Guest post by Mark Kobayashi Hillary on globalisation & India

Yesterday I wrote a story for Reuters that talked about the challenges ahead for new British Prime Minister David Cameron. Not the public sector cuts he is going to have to make, but some of the changes British people can expect in future in the world around them.

[http://blogs.reuters.com/great-debate-uk/2010/05/12/cameron-tasked-with-changing-brits-expectations/]

Living within our means is going to be a massive challenge. Middle-class Britain has spent decades analysing their house price increases and judging their personal wealth using this yardstick, it’s hard to imagine people here thinking of a house as just a place to live.

And a bigger challenge will be integrating into the world around. The globalisation focus at this election was actually on immigration and how the general public fears it. Yet ninety per cent of British immigration involves the citizens of other EU states – not countries like India at all. Fringe parties, such as the BNP and UKIP, claimed they could ban even this intra-EU labour movement without considering that most of our exports go into the EU. Stepping away from the community and believing in self-sufficiency is cloud-cuckoo policy making – and the electorate kicked them into touch.

I heard the economist Philippe Legrain speaking at the launch of his new book ‘Aftershock’ on Monday reminding the audience that there are more British people living overseas than foreign-born people living in Britain. I wonder what would happen to their resident visas if the fringe parties had been able to boot out the foreigners?

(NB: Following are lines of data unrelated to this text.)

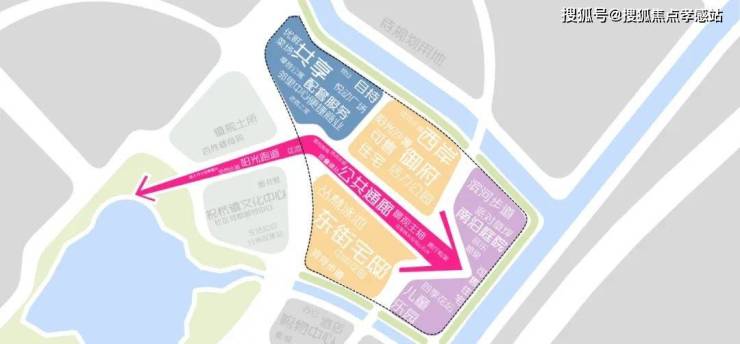 据悉社区由自持住宅、可售住宅、社区配套三大功能组合而成,北区为公区自持配套区,中区为住宅社区,南区为住宅社区及配套。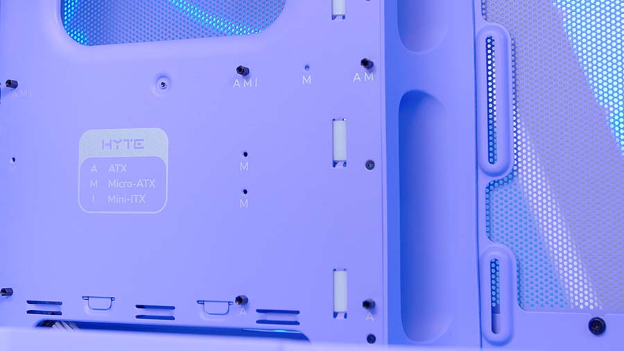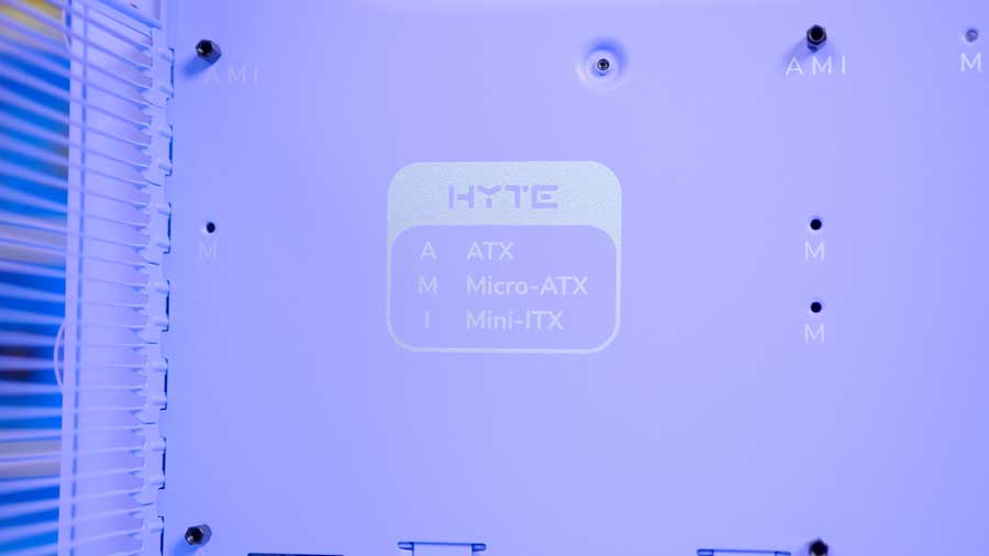 Moving on to the case’s internals, the motherboard tray greets us with a handy key indicator showing how the motherboard standoffs align for specific motherboard types, in a metallic, complementary silver print. This is an incredibly thoughtful quality-of-life feature for new builders, as it ensures that you can’t get it wrong!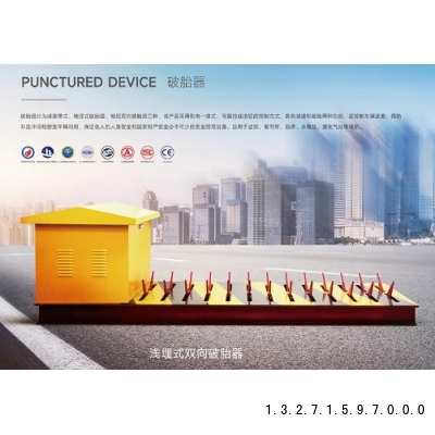 郑州安装破胎器路障,型号双向破胎式破胎器Q235高碳钢/304不锈钢材质厚度10mm拦截宽度1-10米(可定制)刀片长度110mm刀片间距125mm运动形式机电液压升降时间0.7-1.5秒。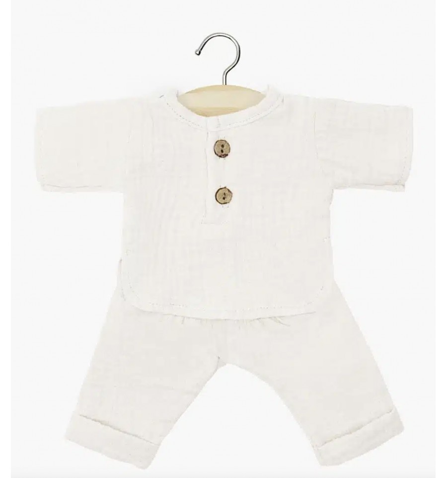 Tout doux en gaze de coton couleur écru, il est composé d'un pantalon et d'un haut manches longues.

And yet why am I asking these questions on a blog primarily focused on India? Well, one of the big adjustments we need to make in the UK is to stop considering fast-developing nations such as India, China, and Brazil as threats. Our media is consumed with the fear of jobs vanishing to India and China, yet the British jobs of the future are selling to India and China. That needs investment in deep relationships now to ensure we are locked together for mutual future success.

My one fear is that some in India have not even appreciated their own good fortune. I was at the Nasscom (India’s hi-tech trade association) annual conference in Mumbai last February and I overheard delegates from the Brazilian government inviting senior Nasscom officials to Brazil – asking the Indians to come and see what’s going on in South America so they can work closer together in future.

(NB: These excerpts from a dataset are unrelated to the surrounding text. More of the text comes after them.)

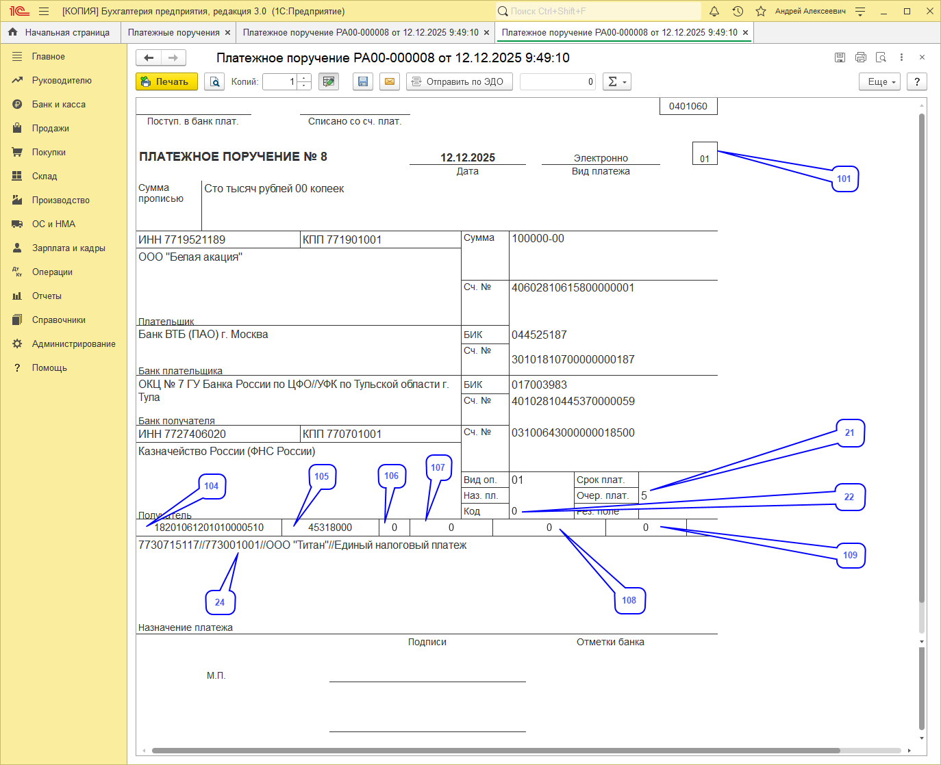 - в поле "Дата документа" (поле 109 платежного поручения) автоматически проставляется "0";
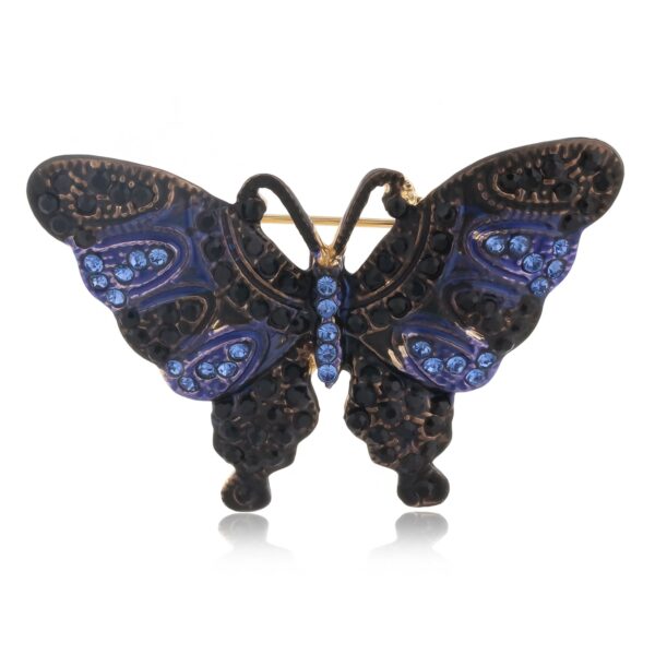 Piękna broszka w kształcie motylka, wykonana z metalu i szklanych kryształków. Rozmiar broszki: 3 cm x 4,5 cm. Kolor: złoty, granatowy. Broszka ta pięknie ozdobi twoje kreacje - czy to klasyczne czy minimalistyczne, w których będzie główną ozdobą.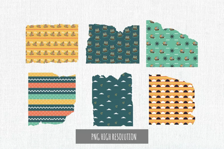 Retro Ship and Boat Seamless Pattern Torn Paper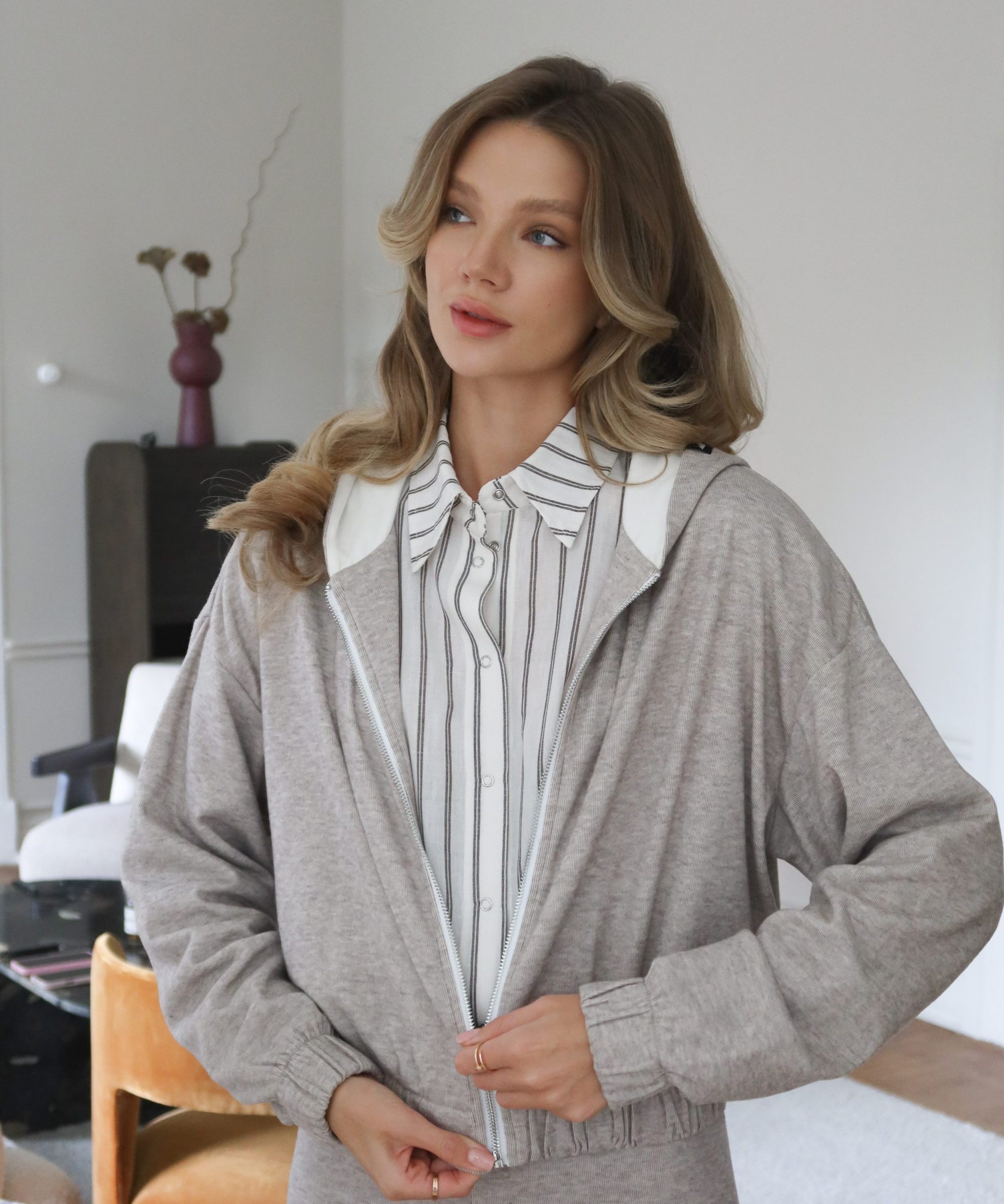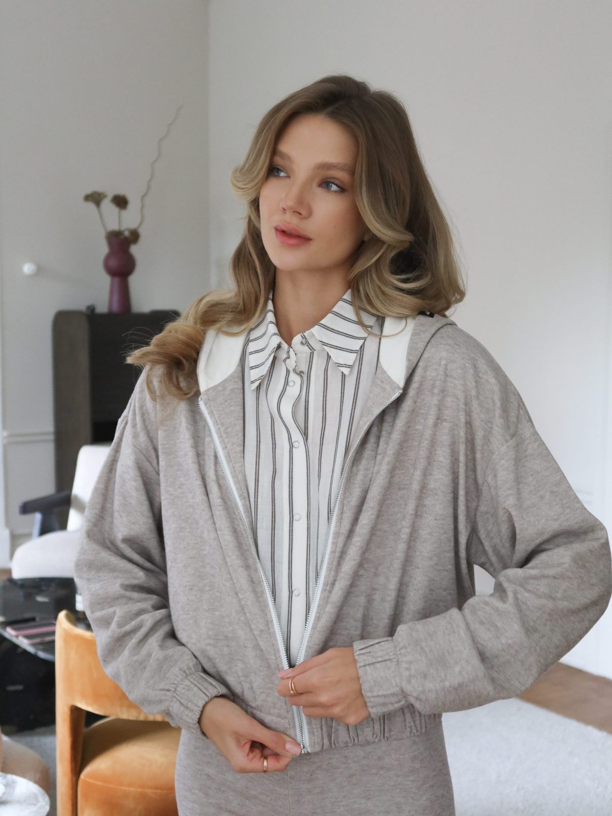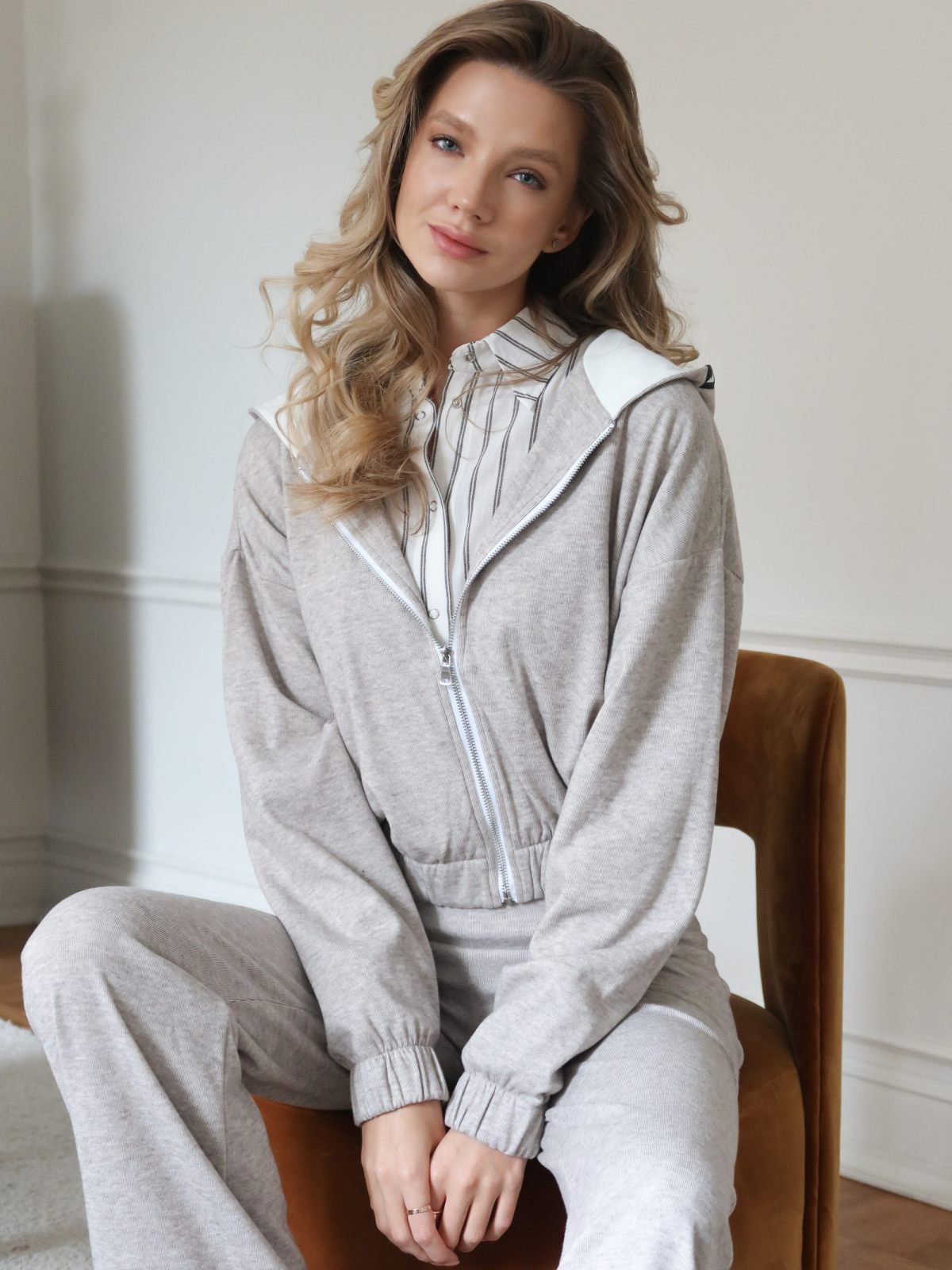 Укороченный худи на молнии свободного кроя выполнен из материала, в составе которого 67% полиэстера 25% вискозы и 8% эластана, подкладка капюшона сделана из материала с эффектом peach, за счет чего худи невероятного мягкий и комфортный. Внизу худи собран на резинку шириной 5 см, что обеспечивает отличную посадку. На капюшоне расположен лаконичный жаккардовый флажок с логотипом бренда. Худи представлен в двух классических цветах: серый и бежевый меланж. Комплектом к худи в ассортименте представлены брюки W5HOM84. Отличный выбор для комфортного образа в спортивном стиле на каждый день.

What was the Indian response? It’s a long way to go. Things are growing again here now so we don’t need to really be exploring these ideas halfway across the world…

Hi-tech services, clean technology, and innovation are all areas where India has a remarkable head start on the rest of the world through the evolution of offshore outsourcing in the technology sector, but will it be Indian hubris that causes this opportunity to be lost?

Mark Kobayashi-Hillary is the author of ‘Global Services: Moving to a Level Playing Field’ and ‘Who Moved My Job’ and is a regular blogger focused on globalisation. He is a visiting lecturer at London South Bank University.